AIM OF THE TASK: Your answer should give again, exactly, the lines from the beginning of the entries below through the line containing "Дистиллятор без куба". It must contain no pictures.
------------------------
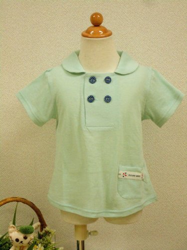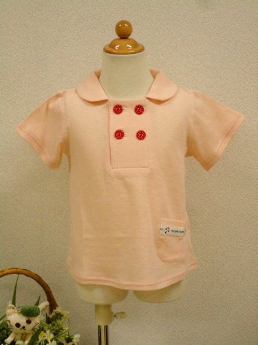 <品質> 綿100% とってもやわらかな肌触りのA ラインT シャツです。水玉の4つのくるみボタンと、小さな丸いお襟がキュート
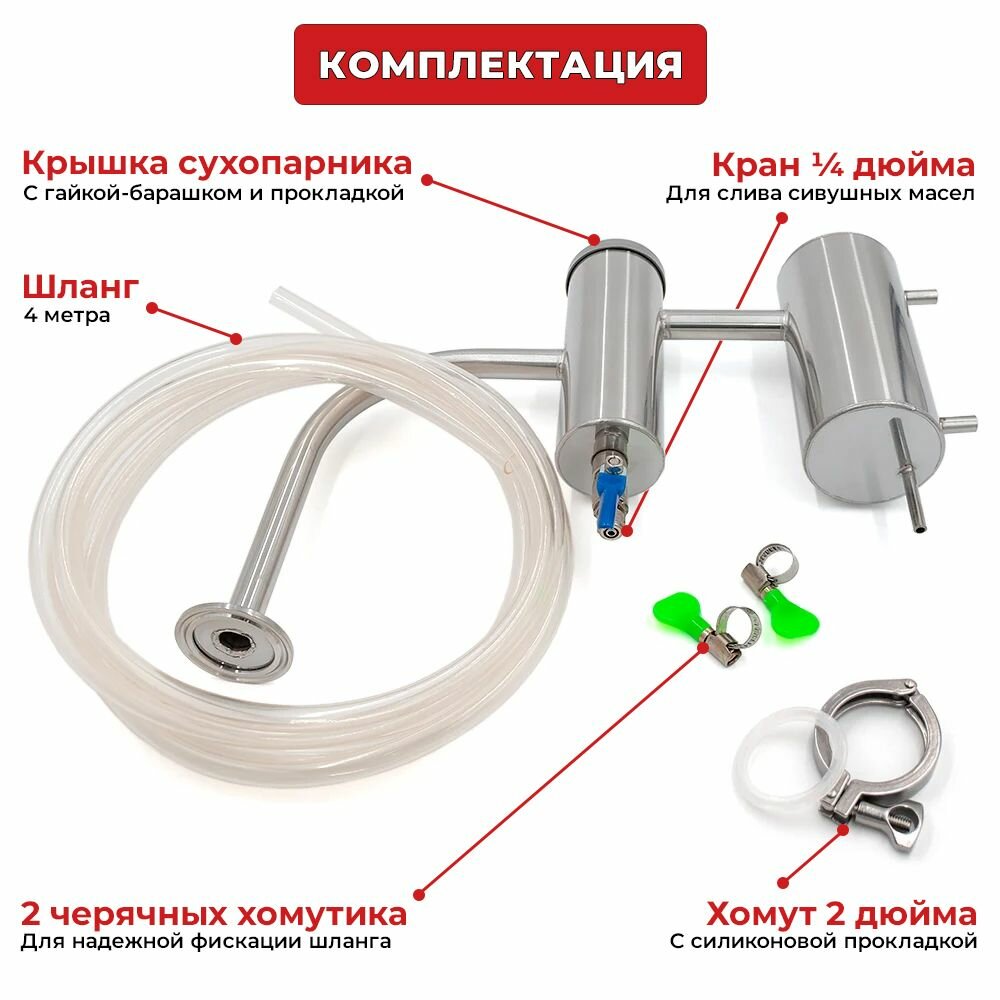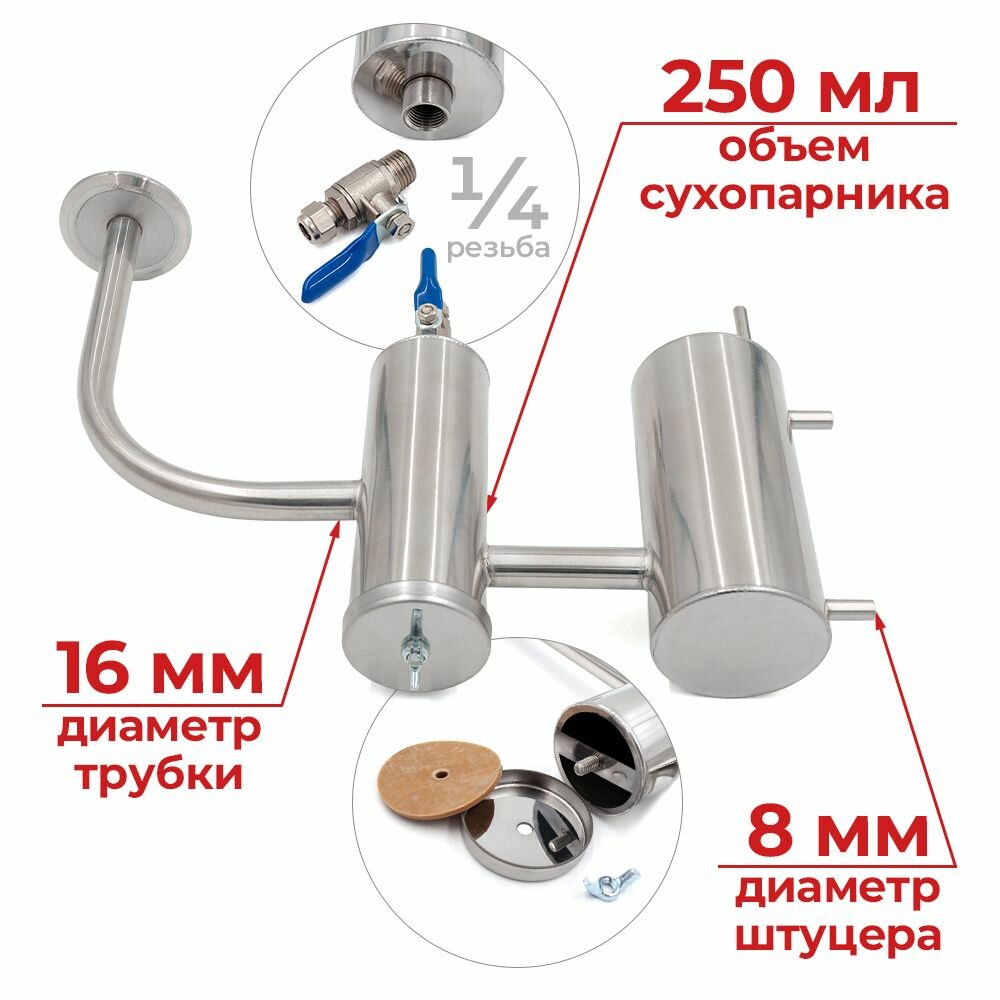 Дистиллятор без куба Практик с одним сухопарником отлично подойдет для переоборудования любых автоклавов с выходом под кламп 2 дюйма в самогонный аппарат, на котором вы сможете получать ароматные спирты у себя дома.
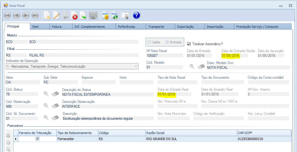 Data Entrada Real: 01/01/2016 (data em que o usuário deveria ter escriturado a nota)
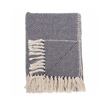 Blød og dekorativ plaid lavet af genanvendt bomuld og vævet i et fint mønster i en nordisk dybblå farve.
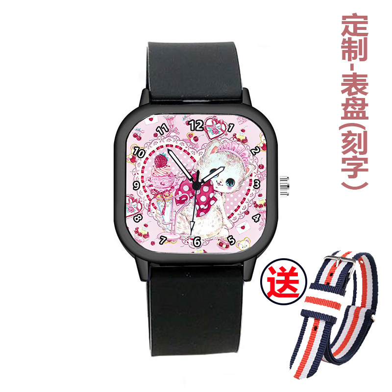 DIY方形手表兔兔猫咪照片订制刻字定制情侣来图定做节日数字腕表
------------------------
FINAL ANSWER:
 <品質> 綿100% とってもやわらかな肌触りのA ラインT シャツです。水玉の4つのくるみボタンと、小さな丸いお襟がキュート
 Дистиллятор без куба Практик с одним сухопарником отлично подойдет для переоборудования любых автоклавов с выходом под кламп 2 дюйма в самогонный аппарат, на котором вы сможете получать ароматные спирты у себя дома.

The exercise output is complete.